** What you are asked to do **
When you copy the entries, omit the images and keep every word as it is.

** Data supplied **
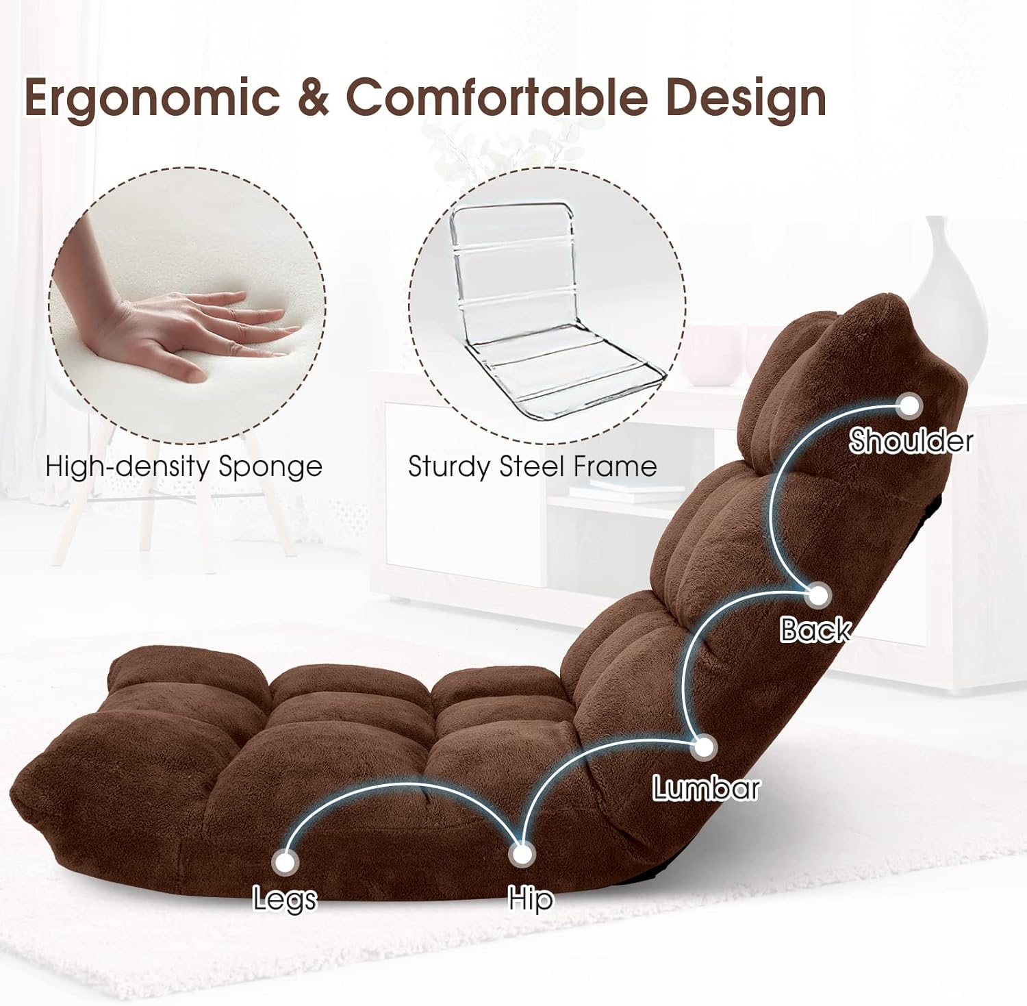 Description:The floor chair is comfortable and practical, whether you’re sitting and lying down in your living room or even in the office. As the backrest can be adjusted up to an angle of 180 degrees, the floor chair is both a recliner and the chair. With its adjustable backrest, it helps to prevent the back from unhealthy curving as well as uncomfortable back posture, thus helping to provide a comfortable experience and offer relief from long-time sitting. Filled with high density sponge, the chair offers soft and lasting support for your back. The frame that is made of alloy steel pipe is extremely durable, which is reliable and designed for long-term use. Additionally, its modern design and stylish appearance make it match your house perfectly, adding extra elegance and fashion.Features:Covered with coral fleece, the floor chair is a soft and comfortable to sitIts alloy steel frame is durable and stable, designed to withstand daily useFilled with high density sponge, the chair offers lasting and soft supportMade of totally nontoxic material. The chair is also suitable for childrenAdjustable back with 14 positions offers comfortable position and angleWith wide applications, the floor chair is multi-purposeFeaturing modern design, it also serves as a decoration to your houseSpecifications:Color: Beige/Brown/Grey/Black/Pink/PurpleMaterial: Sponge+Alloy Steel Pipe+FlannelNet Weight: 15lbsOverall Dimension: 40”x20”x5” (L x W x H)Weight Capacity: 200 lbsPackage includes:1 X Floor Chair1 X User Guide
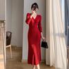 Red Knitted Slimming Dress for Women - New Year's Autumn/Winter Edition
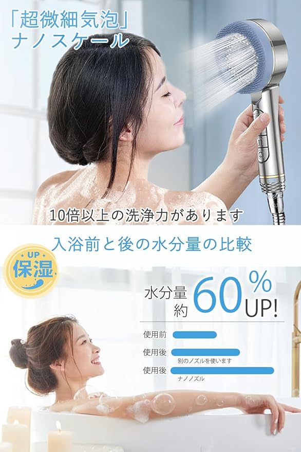 【超微細ナノバブル&洗浄力抜群】Innodenki シャワーヘッドは、6つの噴霧穴を備えたシャワーヘッド。先進的なナノ技術を採用しており、水分子を毛穴より小さい直径0.001~0.1mmの超微細泡とマイクロ泡に変換し、毛穴や肌の奥深くまで浸透。通常の水よりも優れた洗浄力で、メイクや皮脂汚れをスッキリ落とし、つややかな肌を実現します。使用するたびに、シャワーがもたらす清潔感と快適さを実感できます。
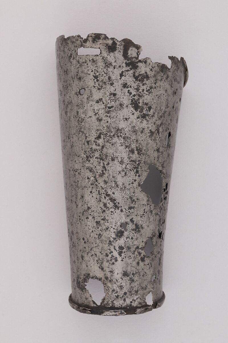 This is part of a large find of medieval armor discovered in 1840 in the ruins of the fortress of Chalcis, on the Greek island of Euboea (then a Venetian colony called Negroponte). The fortress had been captured and destroyed by the Turks in 1470. Now divided largely between the Ethnological Museum, Athens, and The Metropolitan Museum of Art, the Chalcis hoard contains many rare and unusual elements of fourteenth- and fifteenth-century armor. Of particular importance are the variety of headpieces and the many fragments of brigandines (armor for the torso constructed of small plates riveted to layers of fabric), some of which retain portions of their original velvet covering. The Chalcis armor provides a unique picture of the armament used in the Aegean, one of the easternmost military outposts of the Venetian empire.
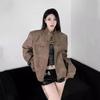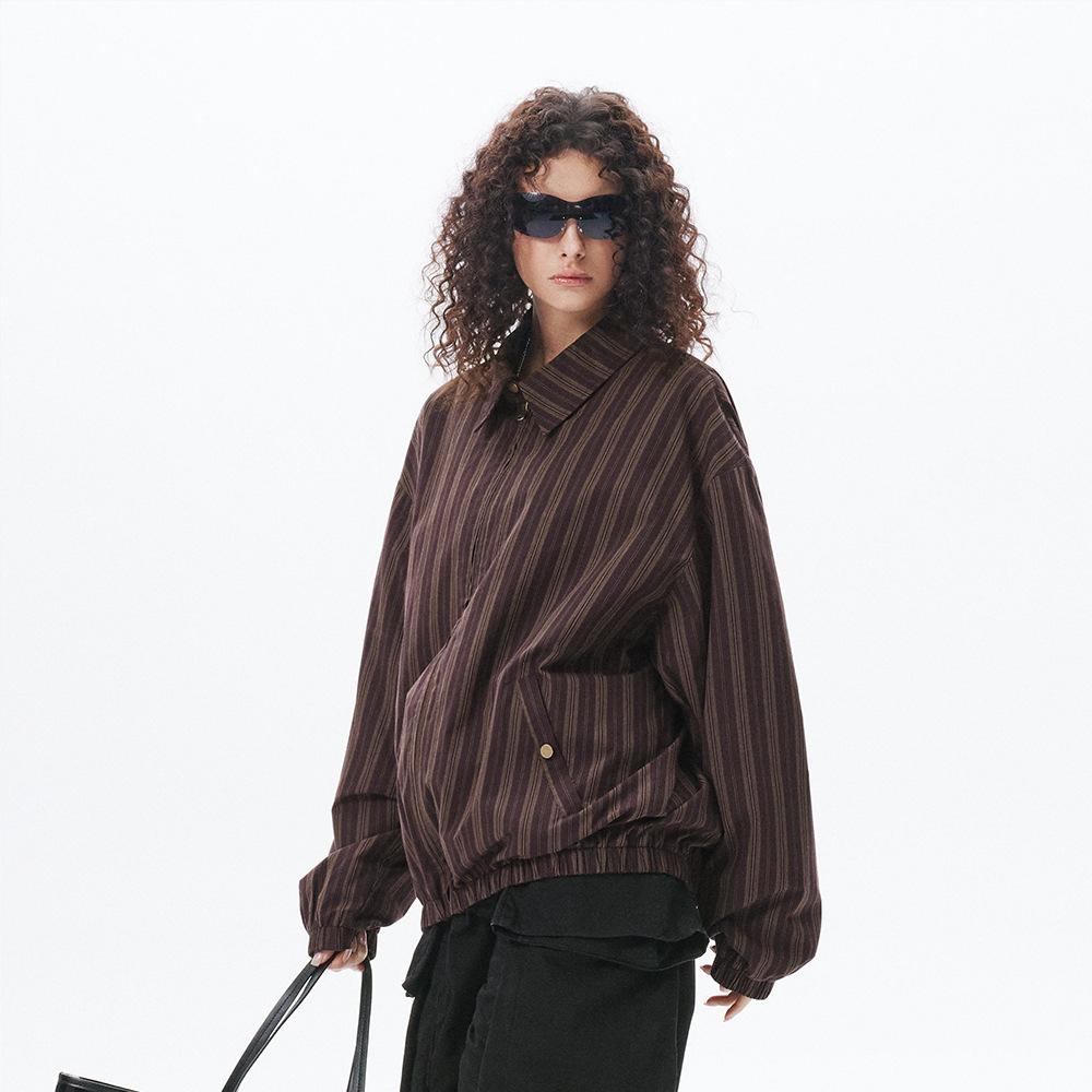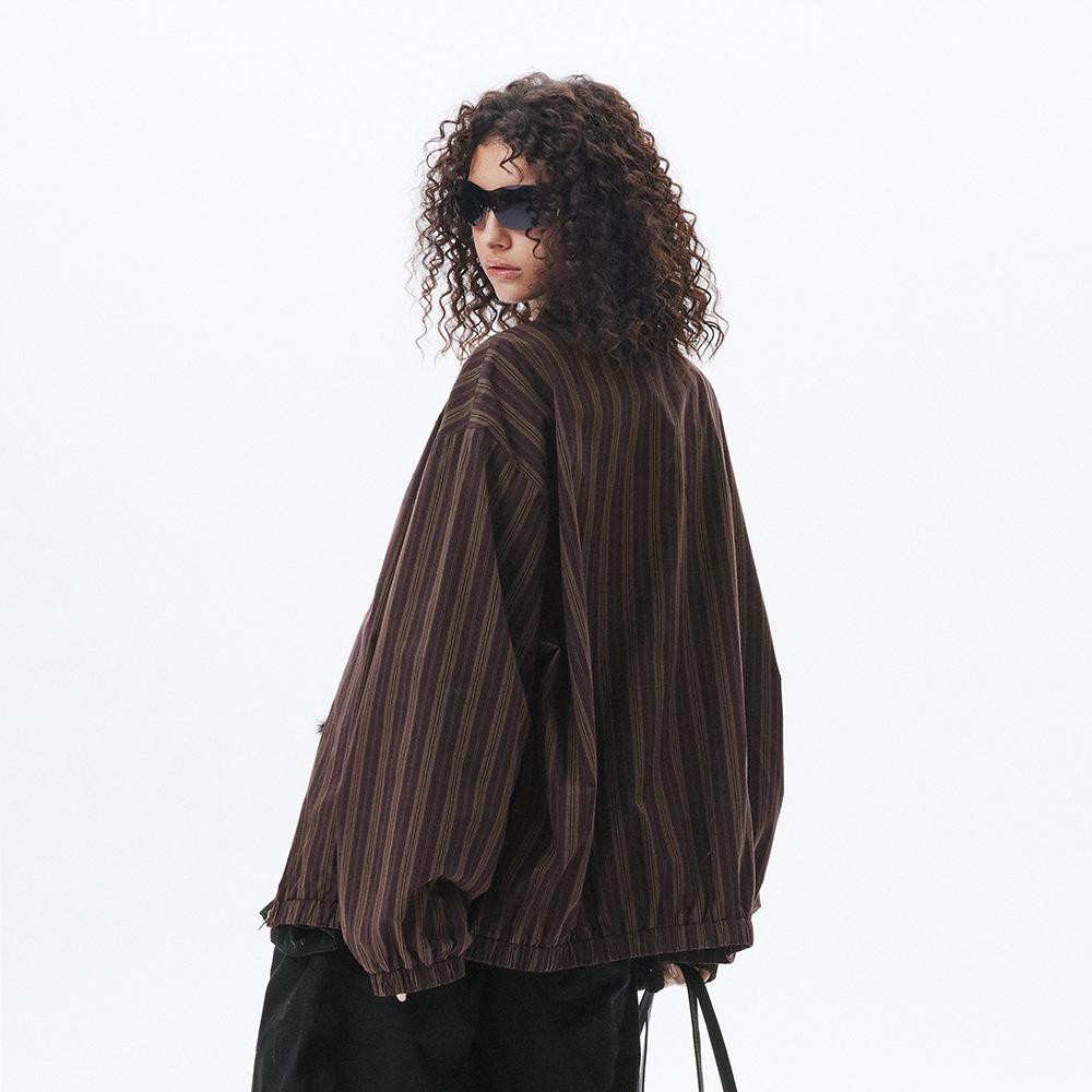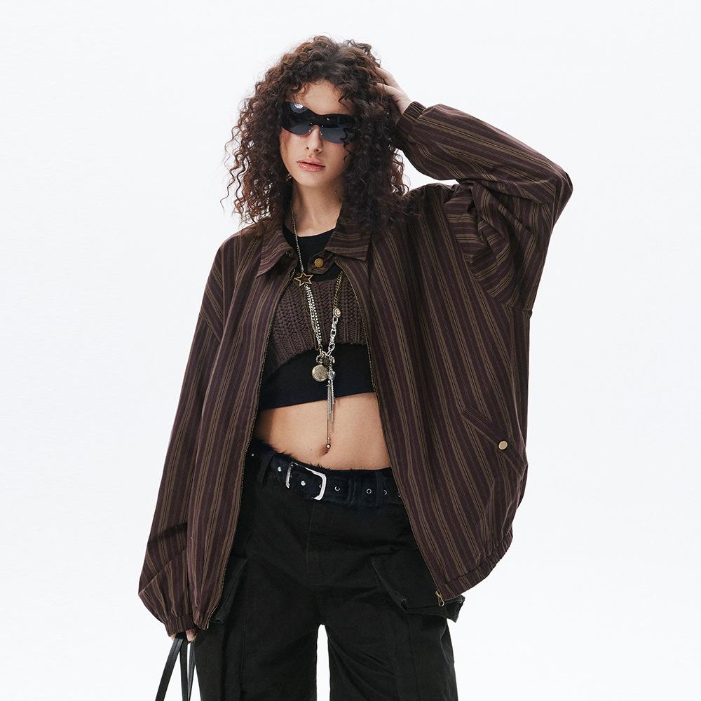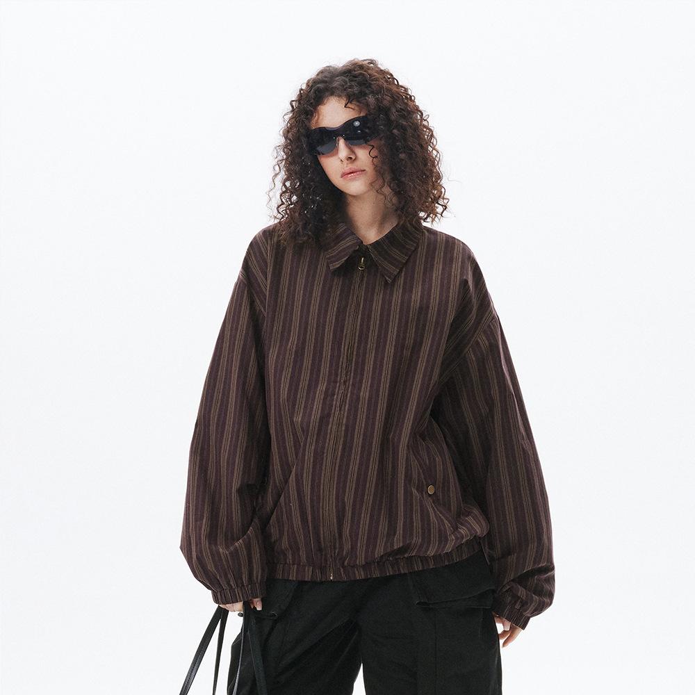 Chaqueta de Trabajo Holgada de Rayas Verticales Retro Estilo Americano para Hombre y Mujer con Solapa y Cremallera de Marca de Moda para Uso Casual de Primavera y Otoño

** Solution for this problem **
 Description:The floor chair is comfortable and practical, whether you’re sitting and lying down in your living room or even in the office. As the backrest can be adjusted up to an angle of 180 degrees, the floor chair is both a recliner and the chair. With its adjustable backrest, it helps to prevent the back from unhealthy curving as well as uncomfortable back posture, thus helping to provide a comfortable experience and offer relief from long-time sitting. Filled with high density sponge, the chair offers soft and lasting support for your back. The frame that is made of alloy steel pipe is extremely durable, which is reliable and designed for long-term use. Additionally, its modern design and stylish appearance make it match your house perfectly, adding extra elegance and fashion.Features:Covered with coral fleece, the floor chair is a soft and comfortable to sitIts alloy steel frame is durable and stable, designed to withstand daily useFilled with high density sponge, the chair offers lasting and soft supportMade of totally nontoxic material. The chair is also suitable for childrenAdjustable back with 14 positions offers comfortable position and angleWith wide applications, the floor chair is multi-purposeFeaturing modern design, it also serves as a decoration to your houseSpecifications:Color: Beige/Brown/Grey/Black/Pink/PurpleMaterial: Sponge+Alloy Steel Pipe+FlannelNet Weight: 15lbsOverall Dimension: 40”x20”x5” (L x W x H)Weight Capacity: 200 lbsPackage includes:1 X Floor Chair1 X User Guide
 Red Knitted Slimming Dress for Women - New Year's Autumn/Winter Edition
 【超微細ナノバブル&洗浄力抜群】Innodenki シャワーヘッドは、6つの噴霧穴を備えたシャワーヘッド。先進的なナノ技術を採用しており、水分子を毛穴より小さい直径0.001~0.1mmの超微細泡とマイクロ泡に変換し、毛穴や肌の奥深くまで浸透。通常の水よりも優れた洗浄力で、メイクや皮脂汚れをスッキリ落とし、つややかな肌を実現します。使用するたびに、シャワーがもたらす清潔感と快適さを実感できます。
 This is part of a large find of medieval armor discovered in 1840 in the ruins of the fortress of Chalcis, on the Greek island of Euboea (then a Venetian colony called Negroponte). The fortress had been captured and destroyed by the Turks in 1470. Now divided largely between the Ethnological Museum, Athens, and The Metropolitan Museum of Art, the Chalcis hoard contains many rare and unusual elements of fourteenth- and fifteenth-century armor. Of particular importance are the variety of headpieces and the many fragments of brigandines (armor for the torso constructed of small plates riveted to layers of fabric), some of which retain portions of their original velvet covering. The Chalcis armor provides a unique picture of the armament used in the Aegean, one of the easternmost military outposts of the Venetian empire.
 Chaqueta de Trabajo Holgada de Rayas Verticales Retro Estilo Americano para Hombre y Mujer con Solapa y Cremallera de Marca de Moda para Uso Casual de Primavera y Otoño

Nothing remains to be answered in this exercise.